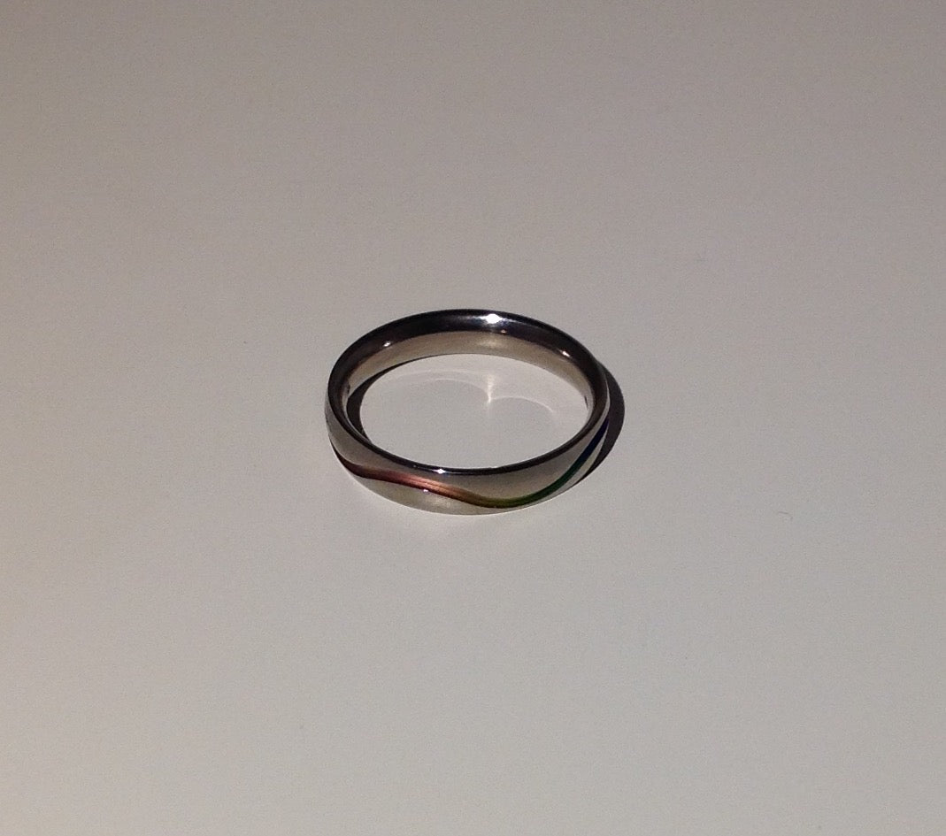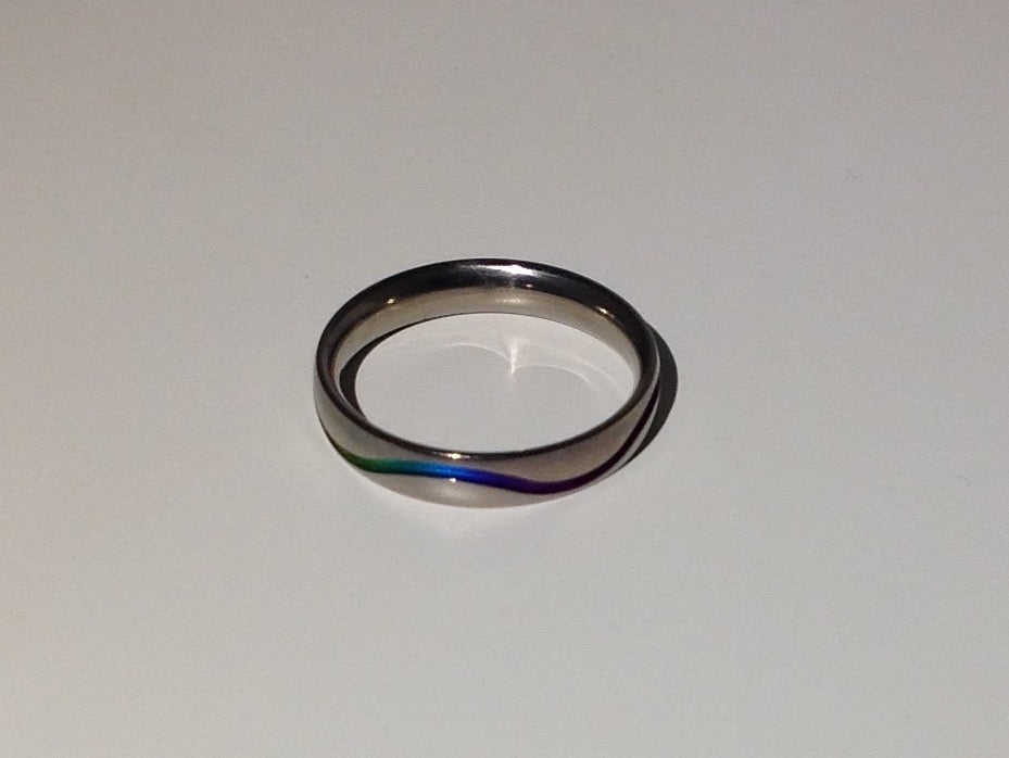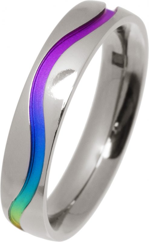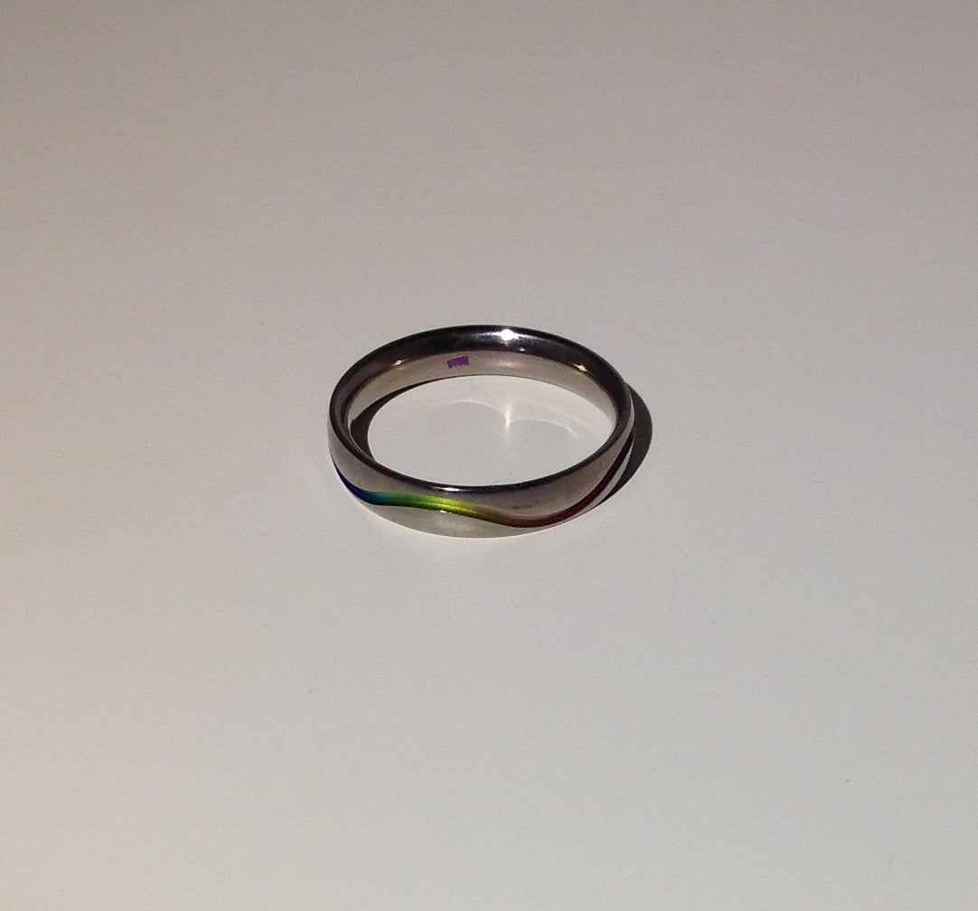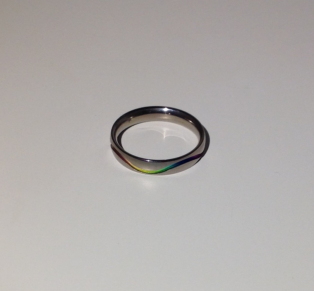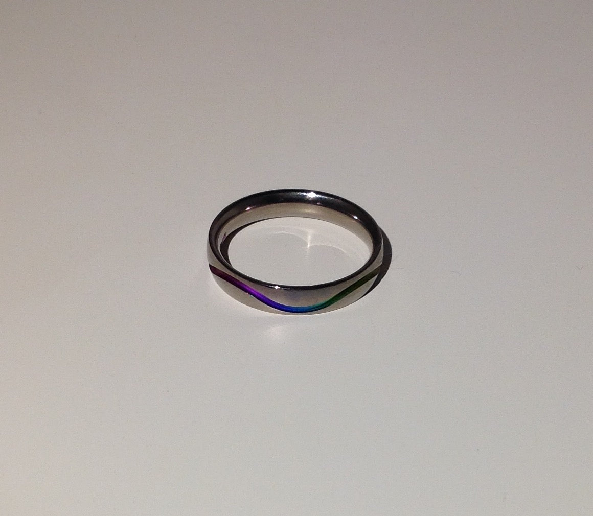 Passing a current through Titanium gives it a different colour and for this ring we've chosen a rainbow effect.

________________________

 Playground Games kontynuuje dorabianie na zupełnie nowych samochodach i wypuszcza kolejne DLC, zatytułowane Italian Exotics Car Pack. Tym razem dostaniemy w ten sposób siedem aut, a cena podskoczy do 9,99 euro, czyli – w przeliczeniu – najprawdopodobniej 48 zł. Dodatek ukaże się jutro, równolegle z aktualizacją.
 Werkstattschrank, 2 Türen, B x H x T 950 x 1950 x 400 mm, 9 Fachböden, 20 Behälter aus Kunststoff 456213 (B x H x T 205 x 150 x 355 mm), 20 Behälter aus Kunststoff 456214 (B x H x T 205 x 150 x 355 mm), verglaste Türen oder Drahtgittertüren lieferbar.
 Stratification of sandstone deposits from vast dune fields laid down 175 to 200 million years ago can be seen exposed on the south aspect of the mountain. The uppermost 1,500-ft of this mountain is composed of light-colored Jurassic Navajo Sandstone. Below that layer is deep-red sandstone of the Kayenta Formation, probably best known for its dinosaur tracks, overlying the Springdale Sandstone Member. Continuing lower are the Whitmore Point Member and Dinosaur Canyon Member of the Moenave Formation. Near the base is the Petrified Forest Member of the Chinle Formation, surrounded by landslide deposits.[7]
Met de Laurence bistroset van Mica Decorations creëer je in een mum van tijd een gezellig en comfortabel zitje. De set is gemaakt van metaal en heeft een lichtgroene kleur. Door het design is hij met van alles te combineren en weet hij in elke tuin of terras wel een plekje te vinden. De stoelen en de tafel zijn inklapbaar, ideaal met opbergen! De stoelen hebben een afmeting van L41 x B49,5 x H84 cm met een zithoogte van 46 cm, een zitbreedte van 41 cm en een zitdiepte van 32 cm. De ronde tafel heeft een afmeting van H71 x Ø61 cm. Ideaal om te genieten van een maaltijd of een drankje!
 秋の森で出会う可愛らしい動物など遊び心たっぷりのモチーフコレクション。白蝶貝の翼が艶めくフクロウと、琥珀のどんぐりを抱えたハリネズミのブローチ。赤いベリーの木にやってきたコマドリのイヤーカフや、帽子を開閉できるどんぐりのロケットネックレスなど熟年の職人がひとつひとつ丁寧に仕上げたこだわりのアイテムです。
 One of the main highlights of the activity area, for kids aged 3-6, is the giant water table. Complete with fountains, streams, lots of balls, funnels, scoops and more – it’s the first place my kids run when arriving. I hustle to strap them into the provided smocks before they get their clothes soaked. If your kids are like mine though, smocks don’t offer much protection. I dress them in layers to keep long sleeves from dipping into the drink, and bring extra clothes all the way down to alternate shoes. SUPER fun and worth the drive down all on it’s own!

________________________

* _WHAT THE EXERCISE ASKS_
Take the line above containing "Playground Games kontynuuje", the line containing "Stratification of sandstone", and all lines in between, and copy them exactly without anything else.

* _ANSWER BELOW_
 Playground Games kontynuuje dorabianie na zupełnie nowych samochodach i wypuszcza kolejne DLC, zatytułowane Italian Exotics Car Pack. Tym razem dostaniemy w ten sposób siedem aut, a cena podskoczy do 9,99 euro, czyli – w przeliczeniu – najprawdopodobniej 48 zł. Dodatek ukaże się jutro, równolegle z aktualizacją.
 Werkstattschrank, 2 Türen, B x H x T 950 x 1950 x 400 mm, 9 Fachböden, 20 Behälter aus Kunststoff 456213 (B x H x T 205 x 150 x 355 mm), 20 Behälter aus Kunststoff 456214 (B x H x T 205 x 150 x 355 mm), verglaste Türen oder Drahtgittertüren lieferbar.
 Stratification of sandstone deposits from vast dune fields laid down 175 to 200 million years ago can be seen exposed on the south aspect of the mountain. The uppermost 1,500-ft of this mountain is composed of light-colored Jurassic Navajo Sandstone. Below that layer is deep-red sandstone of the Kayenta Formation, probably best known for its dinosaur tracks, overlying the Springdale Sandstone Member. Continuing lower are the Whitmore Point Member and Dinosaur Canyon Member of the Moenave Formation. Near the base is the Petrified Forest Member of the Chinle Formation, surrounded by landslide deposits.[7]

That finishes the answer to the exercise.